For its part, the Brotherhood side of the movement has also experienced a massive failure of its approach and influence. This is most obvious in the case of Egypt, the place of its founding and home of its most important branch. The revolt of 2011 against Mubarak’s rule finally brought the Brotherhood to power, partially through the support of a sympathetic society and the indulgence of Mubarak rivals within the Egyptian military. But the Brotherhood promptly squandered that support through its strategy of authoritarian governance, put in place late in 2012; and its regime was soon overthrown.

The Brotherhood’s failure was not simply accidental. In an important speech in 2011, its Deputy Guide, Khairat al Shater, proclaimed that its long gradualist approach had finally reached its goal, and that its vision of the state was at hand. It could therefore afford to be, indeed was required to be, more aggressive. The subsequent demise of its rule has undercut the Brotherhood’s approach.

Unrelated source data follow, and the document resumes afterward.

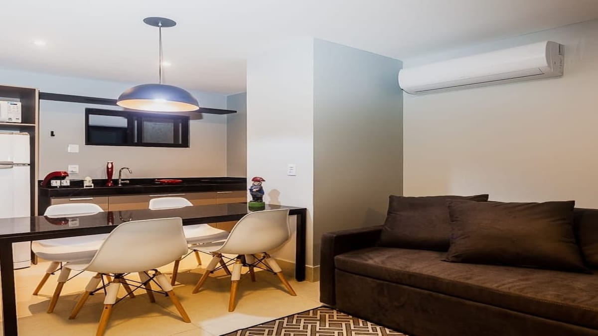 Flat de 25m2 super moderno e aconchegante em um dos endereços mais centrais e privilegiados da cidade. Desfrute da cidade sol em um flat climatizado com quarto com cama queen, mini sala com smart tv e cozinha completa. Todo o ambiente possui wifi e conforto. Dispomos de toalha e roupa de cama e nosso condomínio conta com recepção e segurança 24hs.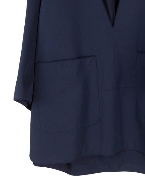 Drawer ドゥロワー 22SS コットンギャバジンVネックブラウス NAVY 36 BLAMINK プルオーバー オーバーサイズ フレアスリーブ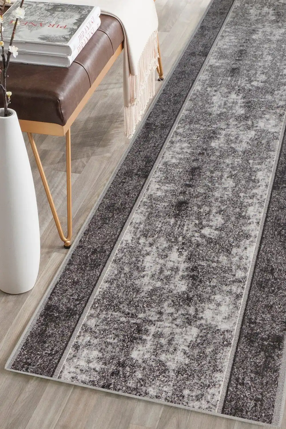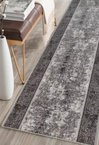Běhoun Stark je polyamidový uzlíkový koberec typu potisk, vyráběný ve dvou elegantních barevných odstínech. Koberec má gelový podklad, který brání klouzání po podlaze. Polyamidová vlákna jsou odolná vůči slunečnímu záření a nečistotám. Zajímavý vzor koberce ozvláštní a zútulní Váš interiér. Běhoun Stark je vhodný do náročnějších bytových prostor jako jsou chodba, schody a pod.

Another Brotherhood loser of the Arab revolts has been the Syrian branch. With the support of Turkey, it sought to dominate the Syrian revolt. As Turkish columnist Burak Bekdil has put it, then Prime Minister Erdogan thought that “the Sunni majority would set up in Damascus a Muslim Brotherhood type of regime that would be subservient to Ankara.” It would be an extension and partner of ‘the Muslim Brotherhood type regime’ that Erdogan was progressively building in Turkey itself. But the Syrian Brotherhood is now effectively marginal to the civil war, dominated by the Islamic State, by Al Qaeda’s affiliate, al Nusra, and by other factions, both Islamist and more secular.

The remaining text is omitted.